··· Extracted entries ···

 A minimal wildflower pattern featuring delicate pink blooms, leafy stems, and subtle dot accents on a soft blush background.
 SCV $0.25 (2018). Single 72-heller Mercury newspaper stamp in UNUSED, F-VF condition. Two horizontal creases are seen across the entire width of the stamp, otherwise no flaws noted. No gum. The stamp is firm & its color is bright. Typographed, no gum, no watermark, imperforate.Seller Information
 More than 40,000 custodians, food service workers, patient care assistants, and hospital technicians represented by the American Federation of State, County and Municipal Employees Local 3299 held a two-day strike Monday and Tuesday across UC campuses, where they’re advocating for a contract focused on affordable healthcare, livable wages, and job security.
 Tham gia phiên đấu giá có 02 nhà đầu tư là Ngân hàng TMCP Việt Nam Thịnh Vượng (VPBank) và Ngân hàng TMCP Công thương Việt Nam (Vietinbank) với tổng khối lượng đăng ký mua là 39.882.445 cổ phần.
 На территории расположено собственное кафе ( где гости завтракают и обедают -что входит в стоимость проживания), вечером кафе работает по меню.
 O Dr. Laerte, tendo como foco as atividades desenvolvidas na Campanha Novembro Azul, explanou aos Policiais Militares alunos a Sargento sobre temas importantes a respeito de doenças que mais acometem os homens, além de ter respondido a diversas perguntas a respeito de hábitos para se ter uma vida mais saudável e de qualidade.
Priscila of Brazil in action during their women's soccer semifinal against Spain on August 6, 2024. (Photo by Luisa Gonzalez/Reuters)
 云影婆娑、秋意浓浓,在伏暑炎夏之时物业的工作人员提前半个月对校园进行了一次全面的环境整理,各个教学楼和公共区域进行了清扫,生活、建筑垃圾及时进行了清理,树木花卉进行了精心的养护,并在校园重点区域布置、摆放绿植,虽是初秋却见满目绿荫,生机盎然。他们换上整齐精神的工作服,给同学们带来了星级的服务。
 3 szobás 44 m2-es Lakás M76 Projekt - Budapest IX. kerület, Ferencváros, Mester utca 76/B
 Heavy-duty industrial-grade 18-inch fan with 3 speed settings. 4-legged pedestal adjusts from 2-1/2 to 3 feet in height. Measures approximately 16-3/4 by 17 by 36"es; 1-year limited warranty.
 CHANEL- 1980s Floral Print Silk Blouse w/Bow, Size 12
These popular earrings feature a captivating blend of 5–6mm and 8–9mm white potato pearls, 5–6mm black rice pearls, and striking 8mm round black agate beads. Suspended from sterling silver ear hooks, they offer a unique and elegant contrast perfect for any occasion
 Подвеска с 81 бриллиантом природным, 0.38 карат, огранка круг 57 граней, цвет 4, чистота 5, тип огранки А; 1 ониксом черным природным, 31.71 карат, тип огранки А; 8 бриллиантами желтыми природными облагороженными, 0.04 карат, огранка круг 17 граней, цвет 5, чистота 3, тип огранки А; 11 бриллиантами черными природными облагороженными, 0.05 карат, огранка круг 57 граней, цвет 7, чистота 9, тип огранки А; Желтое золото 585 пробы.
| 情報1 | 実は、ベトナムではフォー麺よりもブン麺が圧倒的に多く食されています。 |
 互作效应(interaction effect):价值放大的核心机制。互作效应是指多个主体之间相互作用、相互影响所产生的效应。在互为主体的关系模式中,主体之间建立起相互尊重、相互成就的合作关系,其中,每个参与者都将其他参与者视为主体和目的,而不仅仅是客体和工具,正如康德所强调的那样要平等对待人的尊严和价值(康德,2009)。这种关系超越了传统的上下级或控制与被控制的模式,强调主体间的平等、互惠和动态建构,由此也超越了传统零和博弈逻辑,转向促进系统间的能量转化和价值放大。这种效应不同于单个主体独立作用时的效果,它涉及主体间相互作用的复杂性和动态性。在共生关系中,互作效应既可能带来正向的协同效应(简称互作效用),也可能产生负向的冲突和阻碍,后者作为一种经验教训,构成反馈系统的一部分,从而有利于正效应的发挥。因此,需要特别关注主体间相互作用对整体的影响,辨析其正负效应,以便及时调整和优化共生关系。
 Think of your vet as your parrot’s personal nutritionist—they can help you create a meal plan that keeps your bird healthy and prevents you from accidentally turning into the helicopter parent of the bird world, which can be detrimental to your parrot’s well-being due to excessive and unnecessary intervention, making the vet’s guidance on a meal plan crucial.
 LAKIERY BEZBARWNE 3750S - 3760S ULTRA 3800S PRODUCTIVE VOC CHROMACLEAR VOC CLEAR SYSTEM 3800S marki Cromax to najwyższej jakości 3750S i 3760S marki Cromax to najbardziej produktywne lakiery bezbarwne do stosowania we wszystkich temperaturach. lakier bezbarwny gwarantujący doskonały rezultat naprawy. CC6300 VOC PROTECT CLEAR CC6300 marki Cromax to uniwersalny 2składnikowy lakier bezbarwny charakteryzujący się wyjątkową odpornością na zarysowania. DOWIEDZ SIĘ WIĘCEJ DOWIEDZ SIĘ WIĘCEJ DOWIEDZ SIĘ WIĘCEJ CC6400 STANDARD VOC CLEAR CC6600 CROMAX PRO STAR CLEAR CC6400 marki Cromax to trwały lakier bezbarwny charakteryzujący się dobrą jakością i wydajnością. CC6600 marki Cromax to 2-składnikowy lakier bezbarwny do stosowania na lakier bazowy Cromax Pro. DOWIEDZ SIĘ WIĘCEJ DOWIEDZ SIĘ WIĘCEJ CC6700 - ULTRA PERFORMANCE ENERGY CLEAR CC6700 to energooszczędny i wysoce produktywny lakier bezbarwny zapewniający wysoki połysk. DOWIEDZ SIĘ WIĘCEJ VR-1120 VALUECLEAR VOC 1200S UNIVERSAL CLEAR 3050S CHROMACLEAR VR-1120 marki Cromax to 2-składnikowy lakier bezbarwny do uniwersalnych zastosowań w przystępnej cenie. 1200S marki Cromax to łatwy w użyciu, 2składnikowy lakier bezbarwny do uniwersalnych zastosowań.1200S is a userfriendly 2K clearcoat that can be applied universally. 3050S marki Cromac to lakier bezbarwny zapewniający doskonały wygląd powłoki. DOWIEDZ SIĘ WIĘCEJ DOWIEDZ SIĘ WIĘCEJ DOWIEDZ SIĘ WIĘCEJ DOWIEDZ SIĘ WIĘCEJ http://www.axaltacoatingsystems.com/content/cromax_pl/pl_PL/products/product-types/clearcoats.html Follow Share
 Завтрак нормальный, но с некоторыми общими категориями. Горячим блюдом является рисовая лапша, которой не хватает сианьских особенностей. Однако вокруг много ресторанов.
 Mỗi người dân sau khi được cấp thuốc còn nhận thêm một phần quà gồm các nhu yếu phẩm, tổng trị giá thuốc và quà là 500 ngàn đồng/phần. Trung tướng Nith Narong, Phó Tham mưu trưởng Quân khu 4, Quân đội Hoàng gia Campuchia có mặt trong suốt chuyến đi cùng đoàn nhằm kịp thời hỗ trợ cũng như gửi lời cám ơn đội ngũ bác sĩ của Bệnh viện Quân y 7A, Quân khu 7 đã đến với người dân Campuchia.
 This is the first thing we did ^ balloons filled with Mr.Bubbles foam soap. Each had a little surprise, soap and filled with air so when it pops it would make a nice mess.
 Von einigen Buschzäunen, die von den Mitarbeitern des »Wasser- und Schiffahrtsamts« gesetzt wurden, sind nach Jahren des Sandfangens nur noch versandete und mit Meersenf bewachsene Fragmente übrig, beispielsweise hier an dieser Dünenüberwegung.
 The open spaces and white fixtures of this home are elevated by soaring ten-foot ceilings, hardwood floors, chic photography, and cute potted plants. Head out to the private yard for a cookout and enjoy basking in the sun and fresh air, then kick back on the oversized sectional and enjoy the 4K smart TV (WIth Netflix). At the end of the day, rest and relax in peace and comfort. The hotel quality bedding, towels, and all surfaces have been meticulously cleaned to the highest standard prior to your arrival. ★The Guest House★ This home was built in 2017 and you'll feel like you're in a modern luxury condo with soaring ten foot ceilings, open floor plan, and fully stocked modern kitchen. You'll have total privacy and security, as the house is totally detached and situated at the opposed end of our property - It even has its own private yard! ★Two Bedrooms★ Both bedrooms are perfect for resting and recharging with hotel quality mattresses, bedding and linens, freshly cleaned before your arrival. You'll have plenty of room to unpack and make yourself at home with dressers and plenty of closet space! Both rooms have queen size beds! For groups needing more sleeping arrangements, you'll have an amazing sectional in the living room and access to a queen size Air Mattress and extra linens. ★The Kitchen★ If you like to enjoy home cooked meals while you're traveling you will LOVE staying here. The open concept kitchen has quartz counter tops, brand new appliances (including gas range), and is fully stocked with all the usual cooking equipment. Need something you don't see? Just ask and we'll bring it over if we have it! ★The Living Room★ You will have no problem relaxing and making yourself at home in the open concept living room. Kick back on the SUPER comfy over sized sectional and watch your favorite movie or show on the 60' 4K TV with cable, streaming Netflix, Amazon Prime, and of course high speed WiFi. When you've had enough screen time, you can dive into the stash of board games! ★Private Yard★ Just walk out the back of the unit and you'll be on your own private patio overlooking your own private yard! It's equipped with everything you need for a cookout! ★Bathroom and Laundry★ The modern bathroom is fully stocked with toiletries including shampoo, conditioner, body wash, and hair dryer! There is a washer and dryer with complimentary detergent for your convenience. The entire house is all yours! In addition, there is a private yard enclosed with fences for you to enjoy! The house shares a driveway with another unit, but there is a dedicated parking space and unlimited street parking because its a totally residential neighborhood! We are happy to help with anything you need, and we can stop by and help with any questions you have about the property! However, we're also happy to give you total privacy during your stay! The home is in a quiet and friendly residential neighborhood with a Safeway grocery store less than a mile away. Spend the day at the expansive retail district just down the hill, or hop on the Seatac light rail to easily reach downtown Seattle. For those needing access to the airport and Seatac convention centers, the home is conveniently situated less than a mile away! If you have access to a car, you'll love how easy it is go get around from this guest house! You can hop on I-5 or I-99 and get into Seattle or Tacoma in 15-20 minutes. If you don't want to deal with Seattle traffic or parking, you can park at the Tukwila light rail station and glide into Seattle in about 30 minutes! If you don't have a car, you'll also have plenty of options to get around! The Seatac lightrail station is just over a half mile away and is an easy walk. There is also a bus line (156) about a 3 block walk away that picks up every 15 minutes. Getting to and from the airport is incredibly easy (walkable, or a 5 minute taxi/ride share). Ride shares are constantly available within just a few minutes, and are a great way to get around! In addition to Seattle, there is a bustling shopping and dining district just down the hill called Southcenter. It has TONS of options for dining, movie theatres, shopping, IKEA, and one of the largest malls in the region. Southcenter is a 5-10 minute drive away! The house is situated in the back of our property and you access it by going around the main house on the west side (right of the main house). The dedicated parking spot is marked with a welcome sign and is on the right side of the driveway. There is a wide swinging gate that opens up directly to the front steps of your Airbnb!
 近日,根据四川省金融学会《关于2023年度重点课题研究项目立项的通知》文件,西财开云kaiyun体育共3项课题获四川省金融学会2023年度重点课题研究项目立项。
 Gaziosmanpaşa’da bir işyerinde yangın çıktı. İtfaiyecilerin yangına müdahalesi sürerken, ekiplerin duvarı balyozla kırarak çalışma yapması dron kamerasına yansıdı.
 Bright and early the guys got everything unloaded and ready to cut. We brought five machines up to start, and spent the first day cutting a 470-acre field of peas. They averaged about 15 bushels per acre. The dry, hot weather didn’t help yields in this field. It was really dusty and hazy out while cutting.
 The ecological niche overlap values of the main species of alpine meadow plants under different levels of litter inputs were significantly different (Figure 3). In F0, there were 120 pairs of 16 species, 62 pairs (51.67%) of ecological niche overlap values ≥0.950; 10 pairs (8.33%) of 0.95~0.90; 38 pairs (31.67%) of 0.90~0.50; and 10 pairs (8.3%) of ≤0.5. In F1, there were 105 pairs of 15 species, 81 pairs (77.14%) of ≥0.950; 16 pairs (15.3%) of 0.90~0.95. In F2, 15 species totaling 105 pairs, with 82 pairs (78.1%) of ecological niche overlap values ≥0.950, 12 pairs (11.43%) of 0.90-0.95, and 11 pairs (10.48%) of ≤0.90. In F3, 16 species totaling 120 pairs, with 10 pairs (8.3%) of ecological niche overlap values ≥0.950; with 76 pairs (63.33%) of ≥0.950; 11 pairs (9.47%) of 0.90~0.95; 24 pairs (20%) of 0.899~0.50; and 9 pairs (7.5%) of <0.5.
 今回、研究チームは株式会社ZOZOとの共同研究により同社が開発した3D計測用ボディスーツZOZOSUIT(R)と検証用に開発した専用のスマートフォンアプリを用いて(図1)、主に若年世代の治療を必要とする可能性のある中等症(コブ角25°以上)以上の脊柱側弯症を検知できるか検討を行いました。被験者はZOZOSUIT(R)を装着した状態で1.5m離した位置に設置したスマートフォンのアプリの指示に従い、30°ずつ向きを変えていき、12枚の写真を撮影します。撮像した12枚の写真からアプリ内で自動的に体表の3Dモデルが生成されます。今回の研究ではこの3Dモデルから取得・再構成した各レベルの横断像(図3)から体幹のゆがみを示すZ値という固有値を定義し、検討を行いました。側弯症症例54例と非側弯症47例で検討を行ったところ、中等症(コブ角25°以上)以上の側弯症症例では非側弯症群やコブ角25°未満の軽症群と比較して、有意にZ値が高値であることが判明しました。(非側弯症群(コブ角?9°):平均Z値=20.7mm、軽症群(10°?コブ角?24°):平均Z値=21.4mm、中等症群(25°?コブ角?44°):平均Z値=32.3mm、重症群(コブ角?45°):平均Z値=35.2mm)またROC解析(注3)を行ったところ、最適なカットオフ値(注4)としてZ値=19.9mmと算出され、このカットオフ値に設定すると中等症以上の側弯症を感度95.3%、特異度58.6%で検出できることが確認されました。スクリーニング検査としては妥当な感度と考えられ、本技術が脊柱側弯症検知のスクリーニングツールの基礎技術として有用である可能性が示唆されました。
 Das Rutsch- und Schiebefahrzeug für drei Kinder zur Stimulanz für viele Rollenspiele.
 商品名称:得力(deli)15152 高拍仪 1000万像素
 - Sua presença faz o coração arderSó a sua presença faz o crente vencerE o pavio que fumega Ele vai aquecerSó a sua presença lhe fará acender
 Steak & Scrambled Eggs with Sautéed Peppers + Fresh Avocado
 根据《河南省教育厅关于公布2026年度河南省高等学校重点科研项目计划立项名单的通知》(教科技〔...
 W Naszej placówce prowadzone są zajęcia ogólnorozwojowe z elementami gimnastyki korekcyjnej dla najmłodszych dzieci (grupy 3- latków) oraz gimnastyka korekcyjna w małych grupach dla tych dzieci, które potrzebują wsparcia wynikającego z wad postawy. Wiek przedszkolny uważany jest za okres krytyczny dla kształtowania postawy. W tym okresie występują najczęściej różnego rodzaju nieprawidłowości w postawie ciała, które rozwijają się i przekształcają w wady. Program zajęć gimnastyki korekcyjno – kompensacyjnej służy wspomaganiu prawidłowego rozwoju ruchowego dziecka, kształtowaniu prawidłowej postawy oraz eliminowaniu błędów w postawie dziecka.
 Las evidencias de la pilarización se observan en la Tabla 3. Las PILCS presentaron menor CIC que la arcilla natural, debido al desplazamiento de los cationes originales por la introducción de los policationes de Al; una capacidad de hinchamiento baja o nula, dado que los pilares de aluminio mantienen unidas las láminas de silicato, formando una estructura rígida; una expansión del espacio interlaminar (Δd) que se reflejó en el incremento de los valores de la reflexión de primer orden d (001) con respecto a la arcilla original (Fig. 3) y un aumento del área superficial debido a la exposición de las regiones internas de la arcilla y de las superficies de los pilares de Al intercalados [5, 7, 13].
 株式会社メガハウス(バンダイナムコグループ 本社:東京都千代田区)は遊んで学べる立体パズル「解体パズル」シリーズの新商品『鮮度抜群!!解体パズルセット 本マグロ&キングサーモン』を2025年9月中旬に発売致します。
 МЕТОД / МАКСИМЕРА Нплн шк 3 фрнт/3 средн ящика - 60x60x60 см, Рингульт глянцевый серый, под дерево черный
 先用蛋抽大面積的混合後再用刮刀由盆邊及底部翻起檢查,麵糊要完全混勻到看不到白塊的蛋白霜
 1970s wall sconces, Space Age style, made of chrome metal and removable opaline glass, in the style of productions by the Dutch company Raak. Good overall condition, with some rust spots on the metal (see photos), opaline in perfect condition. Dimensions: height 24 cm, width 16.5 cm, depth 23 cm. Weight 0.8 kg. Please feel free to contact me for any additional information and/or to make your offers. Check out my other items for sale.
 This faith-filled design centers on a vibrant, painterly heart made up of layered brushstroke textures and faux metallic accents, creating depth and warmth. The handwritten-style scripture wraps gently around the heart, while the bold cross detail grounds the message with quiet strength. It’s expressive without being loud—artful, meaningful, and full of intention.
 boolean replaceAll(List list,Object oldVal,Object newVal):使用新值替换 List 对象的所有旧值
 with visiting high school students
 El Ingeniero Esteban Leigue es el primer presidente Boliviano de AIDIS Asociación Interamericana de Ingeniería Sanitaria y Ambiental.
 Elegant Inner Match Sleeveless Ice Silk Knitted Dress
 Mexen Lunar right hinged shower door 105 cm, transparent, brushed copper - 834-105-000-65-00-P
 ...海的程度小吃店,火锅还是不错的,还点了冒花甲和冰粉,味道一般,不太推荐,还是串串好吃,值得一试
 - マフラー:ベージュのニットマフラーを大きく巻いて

···

Beginning with the line above that contains "- Sua presença", copy each line exactly up to and including the line that contains "根据《河南省教育厅关于公布2", and go no further.

 - Sua presença faz o coração arderSó a sua presença faz o crente vencerE o pavio que fumega Ele vai aquecerSó a sua presença lhe fará acender
 Steak & Scrambled Eggs with Sautéed Peppers + Fresh Avocado
 根据《河南省教育厅关于公布2026年度河南省高等学校重点科研项目计划立项名单的通知》(教科技〔...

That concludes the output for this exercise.